So because other people don't know what their doing, one should follow the masses instead of reviewing one's capabilities & possibilities to build a personal plan?

To give you an example of why I'm not concerned about the averages - since I had experience and recognised the opportunity of Mar 2009 - I ended up with some like 13 of 15 stocks with a capital gain (cg) in under a year, with 8 having between 100% to 200% (cg) and 90% of these stock paid dividends at 5% on the purchase price.

Was it an exceptional opportunity? Did I have cash flow to handle it if it didn't work out? Did I evaluate my options to create a plan?

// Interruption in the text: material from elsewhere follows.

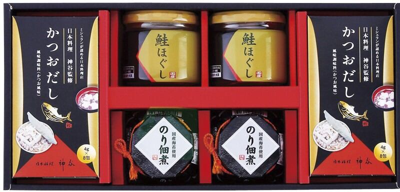 商品内容:鮭ほぐし(約50g)・のり佃煮(約80g)・かつおだし(約4g×8袋)×各2

Yes to all of this.

But for a calculated risk - I ended up retiring my mortgage much earlier plus stock left over that has increased the dividends since instead of being concerned about the averages.




InvestingForMe said:


> ... We know from reading many of the this forum's posts, from experienced investors, they made paying off their mortgages a top priority, early in life, and continued that same discipline in saving for their retirement.
> 
> Hmmm ... I'm not sure it is that simple.
> 
> ...


----------



## InvestingForMe (Sep 6, 2012)

Eclectic12 said:


> So because other people don't know what their doing, one should follow the masses instead of reviewing one's capabilities & possibilities to build a personal plan?
> 
> To give you an example of why I'm not concerned about the averages - since I had experience and recognised the opportunity of Mar 2009 - I ended up with some like 13 of 15 stocks with a capital gain (cg) in under a year, with 8 having between 100% to 200% (cg) and 90% of these stock paid dividends at 5% on the purchase price.
> 
> ...


Eclectic12 -We doubt your investing success, taking _calculated risks_ at the height of the stock market down-turn, is the experience of most Canadian investors - let alone anywhere near average. 
Our comments were made in view of fisher14's post outlining their current financial position and expressed concerns about the size of their mortgage. 
But even you have stated that paying off your mortgage was a top priority for you. Choosing to sell winning investments to eliminate your debt as soon as possible rather than carrying the mortgage and continue to make impressive returns on your investments. So we simply state our view that this couple should have a similar priority.

Regards


----------



## Oldroe (Sep 18, 2009)

Life starts when the mortgage ends. Anybody that advises other wise has never been mortgage free.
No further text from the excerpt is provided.